To evaluate this possibility, future researchers could investigate the effect of the level of intelligence of a nation’s smart fraction on the level of redistribution that a government engages in. Alternatively, one could repeat the present analysis with the use of pre-taxation and transfer measures of income inequality as the outcome variable. If a positive association is found here, then this implies that governments are using taxation and redistribution systems to counter the natural effects of intelligence inequality on income inequality.

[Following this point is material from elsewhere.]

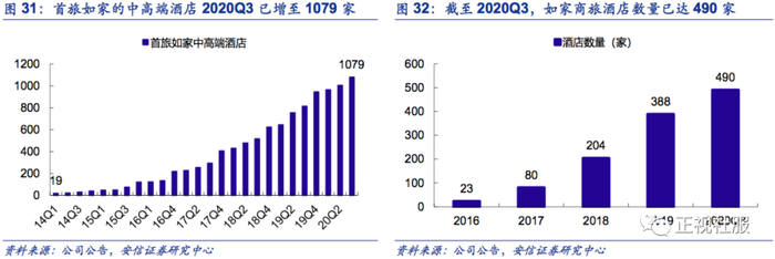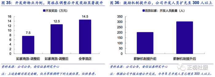 在销售层面,首旅如家的酒店开发人员薪酬水平在过去几年一直处于行业中低水平,而今年上半年成功实施了开发人员的激励机制优化后,根据首旅酒店的高管2020年中报业绩公开交流会的数据,本次公司激励激励上调后,开发人员整体收入相比调整之前增幅达30%~40%,核心提升部分为成功签约并开业门店下的加盟费提成比例,整体的综合收入有望从行业中低水平提升至行业中等水平,并借助品牌力和产品力下,开发人员数量本次也实施了显著的扩招,由200多人扩展至目前的300多人。综上所述,我们认为公司销售端的激励优化有望对存量开发人员的激励提升,帮助加速开店,且人员扩招至300多人,对短中期的加速开店均有望实现正向的推动作用。

An alternative hypothesis is that modern economies require a degree of specialization exogenous to the level of intelligence inequality in a country. This would mean that in countries with lower intelligence inequality, the IQ difference between someone in high and low-skill employment would be smaller than in countries with higher intelligence inequality, but that the income gap between the job levels would remain the same. This hypothesis could be tested by estimating the IQ-income association by country and regressing the effect size by country against intelligence inequality, with a positive association providing support for this explanation. Although currently, IQ and income data is not available from a large enough sample of countries to make this analysis possible.
Which is basically TL;DR for we have no particular good hypothesis for the results. One idea we didn’t explore in the paper is that the PISA tests do not have sufficient range to measure the lower end of ability in low IQ countries. These low performing subjects then have estimates too far towards the mean, lowering the SD. This point is probably possible to examine by looking at the item level data. An item response theory fit of the data would show the reliability of scores across the range. This measurement error model would predict low reliabilities in the left tail of low IQ countries, such as those in south Asia, Morocco and so on.